Problem Understanding

The dining hall is an infinite grid of cells. Some of these cells are grouped into tables, each table occupying a 2×2 square located at coordinates of the form $(3x+1,3y+1)$ through $(3x+2,3y+2)$, and all other cells are corridors. Guests arrive one by one at the origin (0,0) and want to occupy a table cell according to their type. Type 1 guests choose the closest free table cell, while type 0 guests choose the closest completely empty table. Distance is measured as Manhattan distance along corridor cells, and ties are broken first by x-coordinate, then y-coordinate.

The input provides multiple test cases. Each test case lists the number of guests and a sequence of their types. The output must list the coordinates of the table cells where each guest sits, in order of arrival.

The largest n summed across all test cases is 50,000. Since each guest could naively require scanning an unbounded set of table cells to find the closest free one, a brute-force BFS per guest is too slow. Specifically, a naive BFS from (0,0) for each guest could require visiting a number of corridor cells proportional to the distance to the nearest free table, which grows unbounded. This rules out any solution with O(n*d) complexity, where d is the distance to the table.

Non-obvious edge cases include consecutive type 0 guests where some tables have partially occupied cells. A naive approach that just checks "any free cell" will assign a partially occupied table to a type 0 guest incorrectly. Another subtlety is tie-breaking: multiple cells may be equidistant, so sorting by x and then y is essential to match the problem’s deterministic requirement. For example, if a type 1 guest sees two equidistant free cells (1,2) and (2,1), the guest must choose (1,2).

Approaches

A brute-force approach would be to maintain a grid map of occupied cells. For each guest, perform BFS from (0,0) until a valid table cell is reached, then mark it occupied. This is correct, but the number of cells explored can grow linearly with distance, and with up to 50,000 guests, BFS per guest is far too slow.

The key insight is that tables are aligned on a regular 3×3 grid pattern. Each table cell can be mapped directly from its “table coordinates” (x, y) to real coordinates ((3x+1 or +2, 3y+1 or +2)). Moreover, Manhattan distance from (0,0) to any table cell depends only on the table coordinates and a small offset from the cell within the table. Specifically, for table coordinates (tx, ty) and cell offset (dx, dy) in {0,1}, the distance is (3*tx + dx) + (3*ty + dy).

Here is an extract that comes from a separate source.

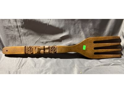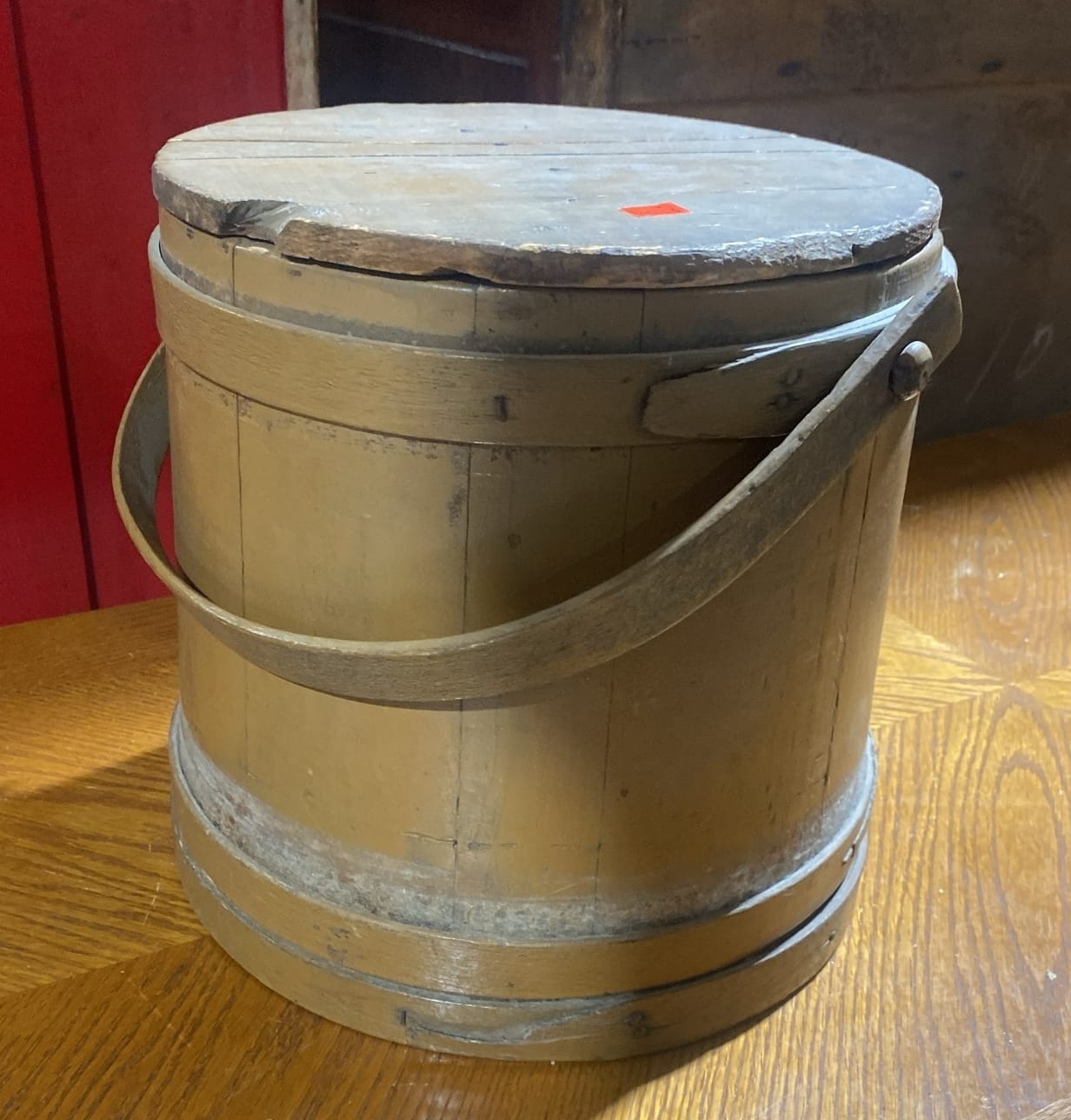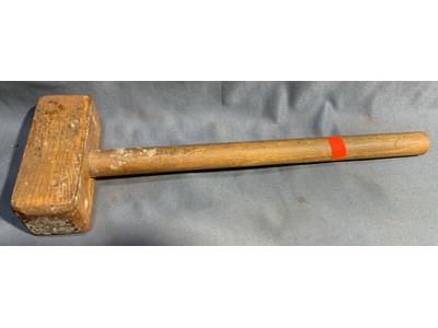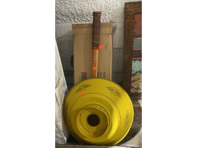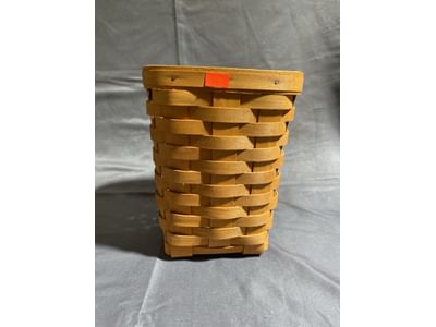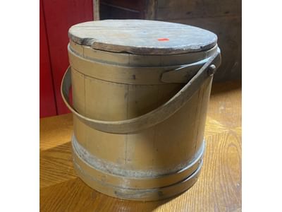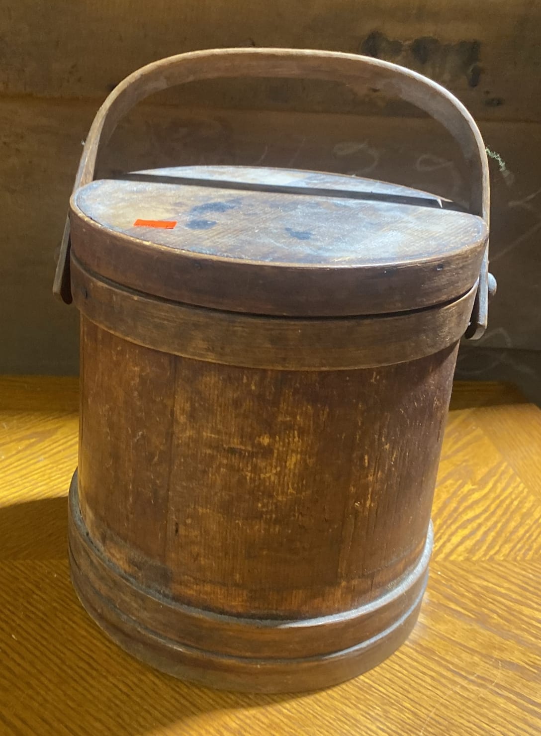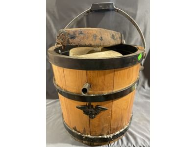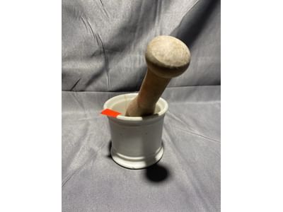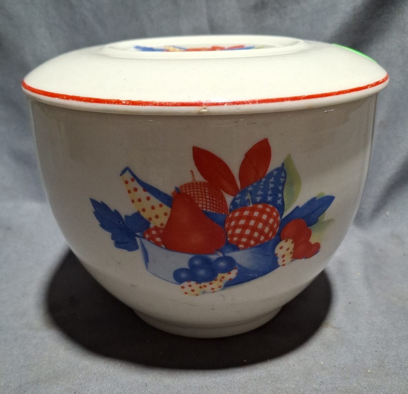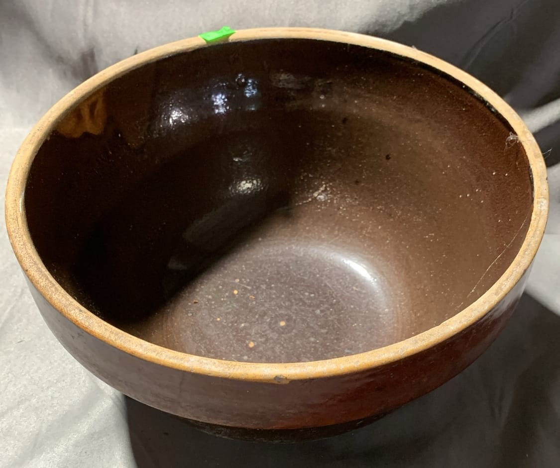 2006 Stoneware Crock W/ Wood Utensil damaged rim 8”

Because the grid is infinite and structured, we can precompute the order in which table cells will be occupied. Type 0 guests occupy whole tables in 2×2 blocks, while type 1 guests can pick any free cell in any table. We can maintain two sequences: one tracking completely empty tables and another tracking free cells within partially occupied tables. Since the ordering by distance, then x, then y is predictable, we can generate table cells in the correct sequence and assign them to guests in order without BFS.

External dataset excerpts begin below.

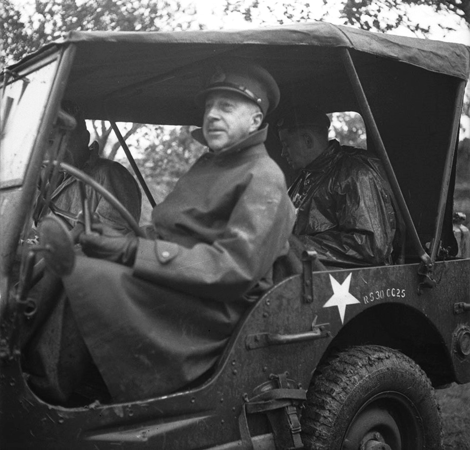 General H.D.G. Crerar driving a jeep, ca 1945.
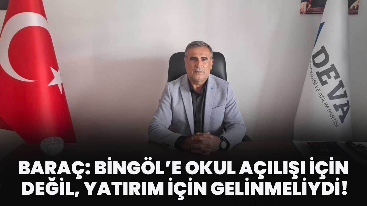 DEVA Partili İl Başkanı Nihat Baraç, Bingöl’de yaşanan ekonomik sıkıntılara ve işsizlik sorununa dikkat çekerek, üst düzey bir devlet yetkilisinin yalnızca okul açılışı için şehre gelmesini eleştirdi. Baraç, “Koskoca Cumhurbaşkanı Yardımcısı’nın Bingöl’e sadece bir okul açılışı için gelmesi, bu şehrin gerçek sorunlarının göz ardı edildiğini göstermektedir. Biz kendisinden fabrika açılışı, istihdam sağlayacak yatırımlar ve ekonomiye katkı sunacak projeler için Bingöl’e gelmesini beklerdik.Tabi ki eğitim önemli bu açıklamamdan eğitime önem vermediğim fikri anlaşılmasın eğitim gerçekten önemli benim ne demek istediğimi Bingöllü hemşehrilerim gayet iyi biliyorlar.” ifadelerini kullandı.
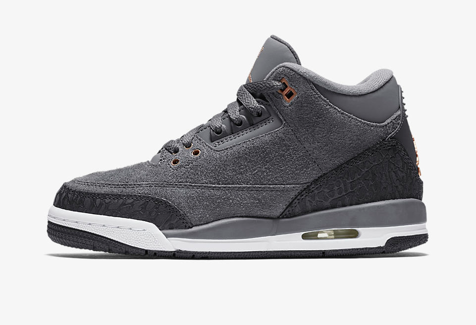Air Jordan 3 GS Bronze : une base grise associée à la couleur du métal
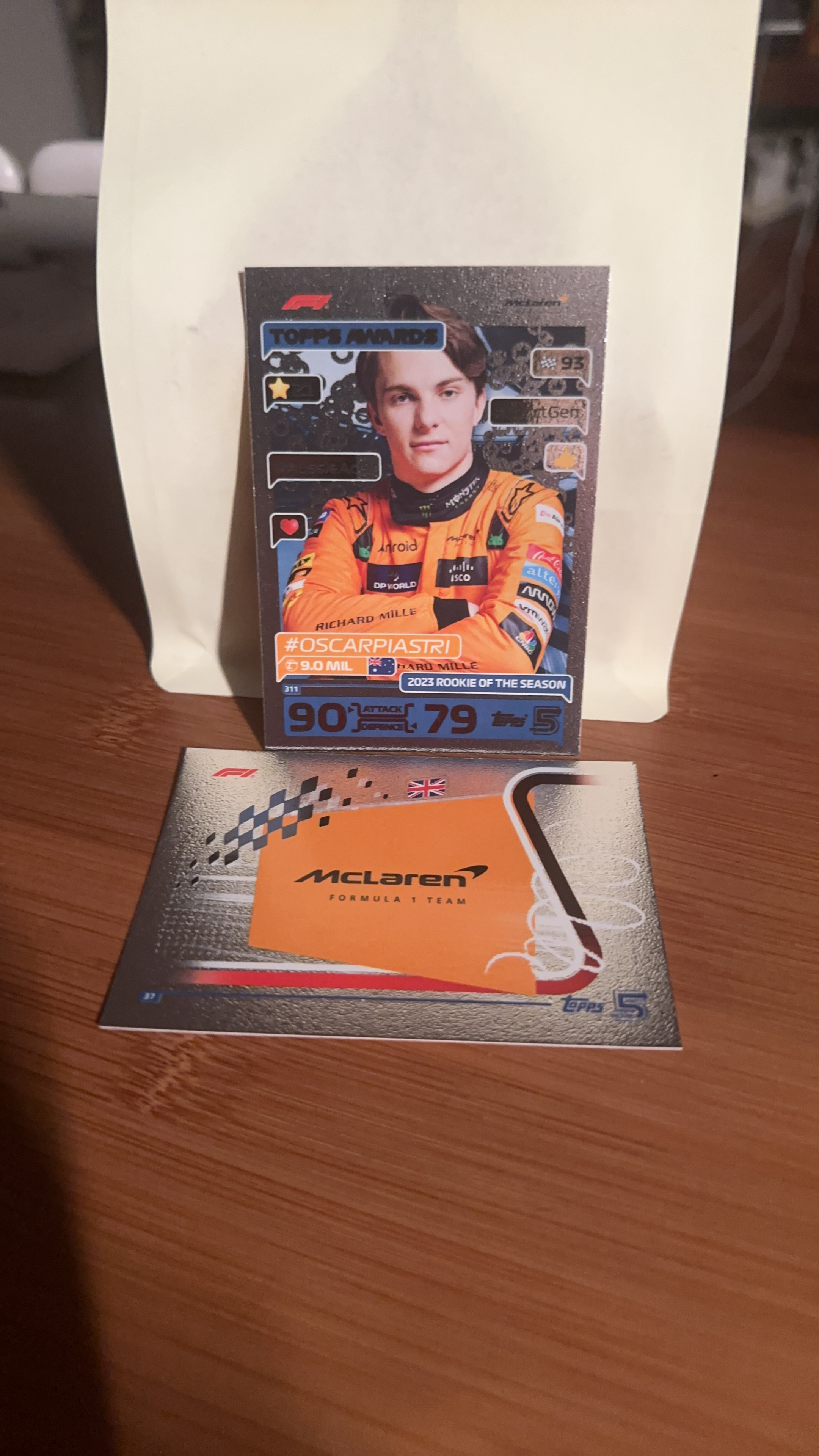 2024 Topps Turbo Attax Oscar Piastri 81 皮亚斯特里 迈凯轮 车标 Topps Awards ins风 社交宠儿 银折
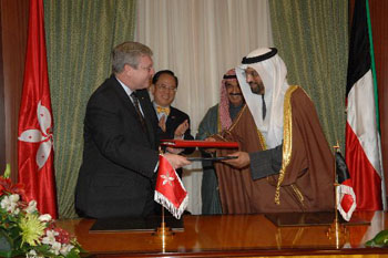 中新網(wǎng)1月28日電 香港特首曾蔭權(quán)日前在中東訪問(wèn),訪問(wèn)期間,香港和科威特簽署發(fā)展兩地貿(mào)易關(guān)系意向書(shū),涵蓋技術(shù)合作、便利商務(wù)旅游、展銷(xiāo)會(huì)和展覽,以及出入口的安排。
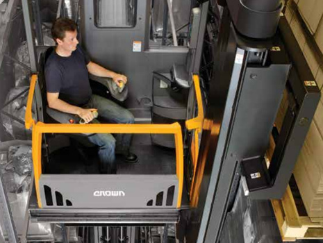Crown-科朗 TSP特窄巷道人上型三向叉车,主要用于在物流中心或配送中心的仓库内完成货物的存取作业。其特点是货叉可以向前、向左、向右三项旋转,通常在高层货架区的窄通道内进行货物的存取作业。叉车所需的作业空间小,使得仓库的空间能够很好利用,大大提高了存储面积的利用率。

Approach Time Complexity Space Complexity Verdict
Brute Force BFS per guest O(n*d) worst-case O(d^2) for BFS Too slow
Precompute cell sequence & greedy assignment O(n) O(n) Accepted

Algorithm Walkthrough

  1. Represent tables by their coordinates (tx, ty) in the 3×3 grid. Each table has 4 cells: (3*tx + 1, 3*ty + 1), (3*tx + 1, 3*ty + 2), (3*tx + 2, 3*ty + 1), (3*tx + 2, 3*ty + 2).
  2. Precompute the order of table cells by distance from (0,0) using the formula dist = 3*tx + dx + 3*ty + dy. For each distance, sort the candidate cells by x then y.
  3. Maintain a queue of completely empty tables for type 0 guests. When a type 0 guest arrives, pop the first table from the queue and assign its first free cell, marking the table as partially occupied and adding remaining free cells to the pool for type 1 guests.
  4. Maintain a separate queue of free individual cells for type 1 guests. When a type 1 guest arrives, pop the first free cell from this queue. If the cell’s table was previously empty, remove it from the empty table queue.
  5. For each guest in order, depending on their type, assign the next appropriate cell from the corresponding queue and mark it occupied. Update queues accordingly.
  6. Output the coordinates of each assigned cell in the order of arrival.

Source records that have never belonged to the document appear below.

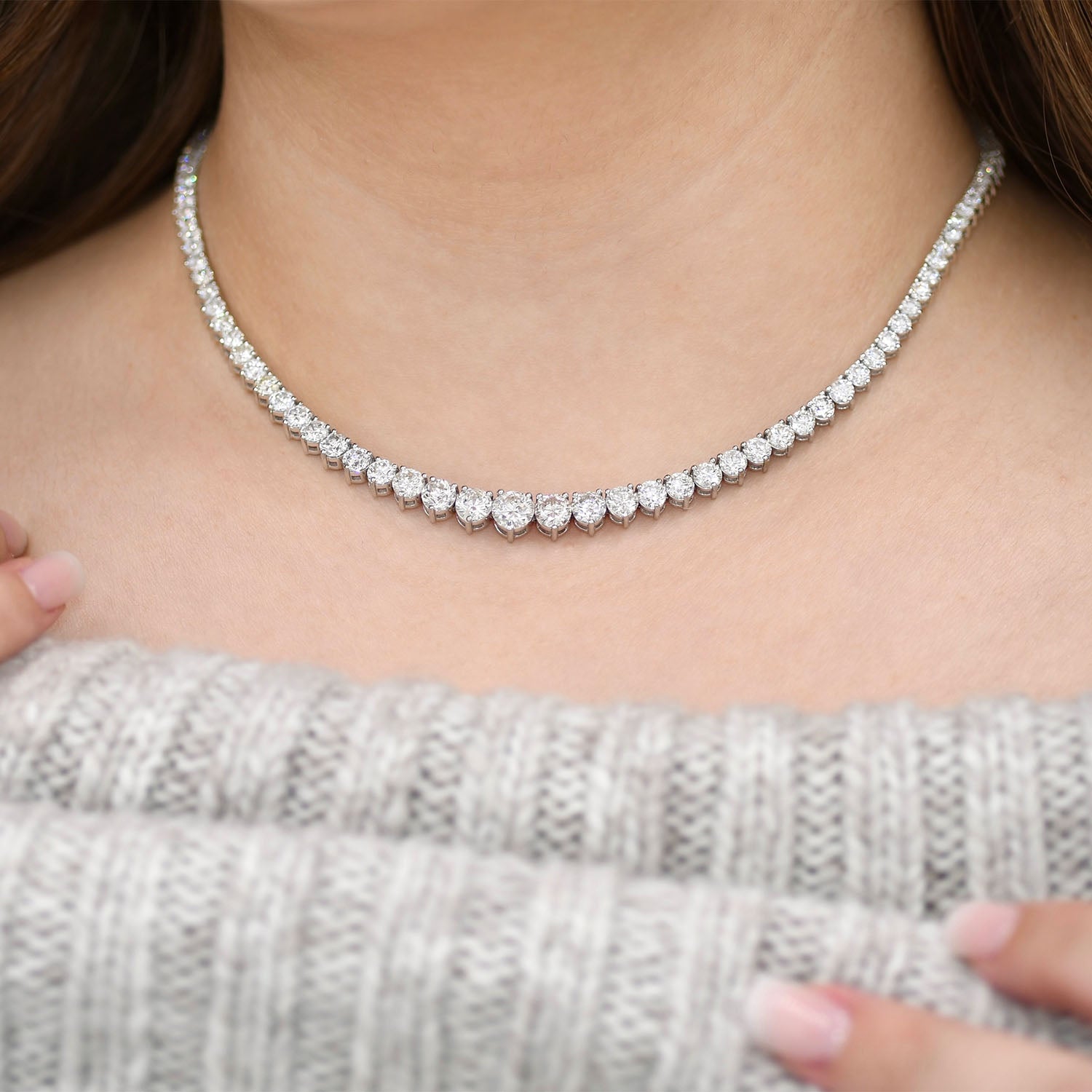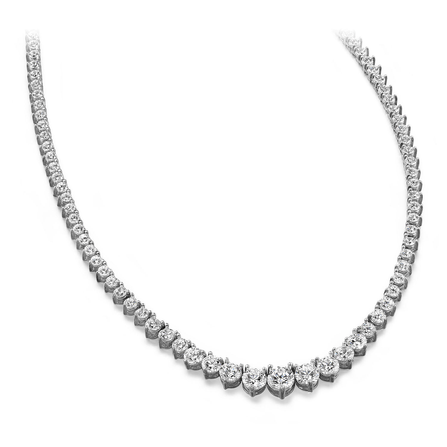 Experience luxury and grace with this 16" Riviera style necklace. Crafted in 14K white gold, the necklace is adorned with a spectacular array of 155 round brilliant cut diamonds, arranged in a continuous, dazzling display of sparkle. The exceptional craftsmanship ensures every diamond is securely set, and each one contributes to a cascade of light that makes this piece an undeniable showstopper. A timeless accessory, this Riviera style necklace is a breathtaking embodiment of elegance and sophistication.Details
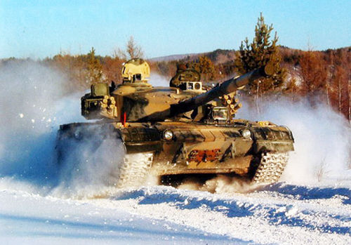 在雪地里疾驰的新型坦克
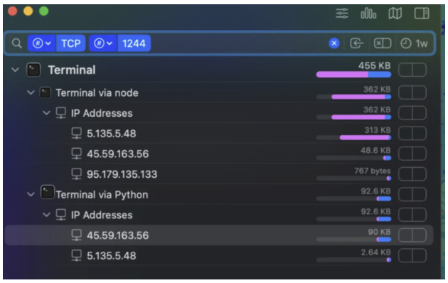 惡意請求:http://216.173.115 [.] 200:1244/s/bc7302f71ff3。有趣的是,這個惡意請求竟然繞過了 little snitch 的監控檢測。
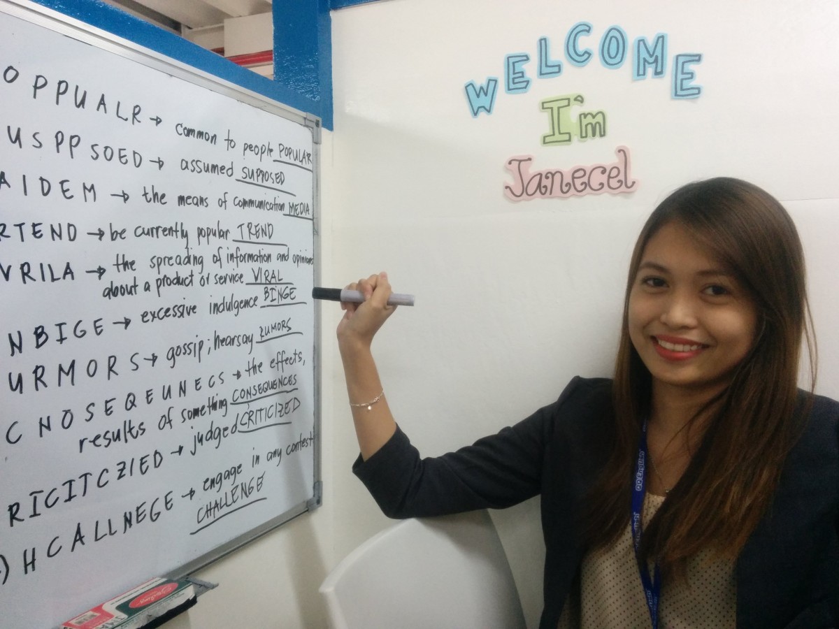 頭がキレキレ、会話も知的。礼儀も正しく、それに加えてとってもチャーミングな性格。毎週14:00から14:50はJanecel先生のNews (News Alert)の授業です。

This strategy works because the table structure ensures that the Manhattan distances of table cells increase in discrete layers from the origin. By sorting cells by distance and tie-breaking by coordinates, the queues naturally maintain the invariant: type 0 guests always select completely empty tables, type 1 guests always select free cells closest to the origin.

Python Solution

import sys
input = sys.stdin.readline
from collections import deque

def solve():
    q = int(input())
    for _ in range(q):
        n = int(input())
        t = list(map(int, input().split()))
        
        # Precompute table cells in order
        empty_tables = deque()
        free_cells = deque()
        
        # Generate enough tables to cover n guests
        # 2D BFS-like layer expansion
        layer = 0
        cells = []
        while len(cells) < n*4:
            for tx in range(layer+1):
                ty = layer - tx
                for dx in (1,2):
                    for dy in (1,2):
                        cells.append((3*tx+dx, 3*ty+dy, tx, ty))
            layer += 1
        
        # empty tables queue
        table_cells_map = {}
        for x,y,tx,ty in cells:
            table_cells_map.setdefault((tx,ty), []).append((x,y))
        
        empty_table_queue = deque(sorted(table_cells_map.keys(), key=lambda k: 3*k[0]+3*k[1]))
        # prepare all free cells queue for type 1 guests
        free_cell_queue = deque()
        
        result = []
        for typ in t:
            if typ == 0:
                tx, ty = empty_table_queue.popleft()
                x, y = table_cells_map[(tx, ty)].pop(0)
                result.append(f"{x} {y}")
                # remaining cells go to free cells queue
                free_cell_queue.extend(table_cells_map[(tx,ty)])
            else:
                x, y = free_cell_queue.popleft()
                result.append(f"{x} {y}")
        
        print("\n".join(result))

if __name__ == "__main__":
    solve()

The solution precomputes a sufficient number of tables in order of distance. Each type 0 guest removes a table from the empty table queue and pushes the remaining cells to the type 1 free cell queue. Type 1 guests always select from the front of the free cell queue. This avoids any BFS and guarantees correct ordering by distance and coordinates.

Worked Examples

Sample 1:

Guest Type Assigned cell Empty tables Free cells
1 0 (1,1) {(0,1),(1,0),...} [(1,2),(2,1),(2,2)]
2 1 (1,2) same [(2,1),(2,2)]
3 1 (2,1) same [(2,2)]
4 0 (1,4) next empty table [...]
5 0 (4,1) next empty table [...]
6 1 (1,5) same [...]

The table shows that type 0 guests always take a new table while type 1 guests fill leftover free cells.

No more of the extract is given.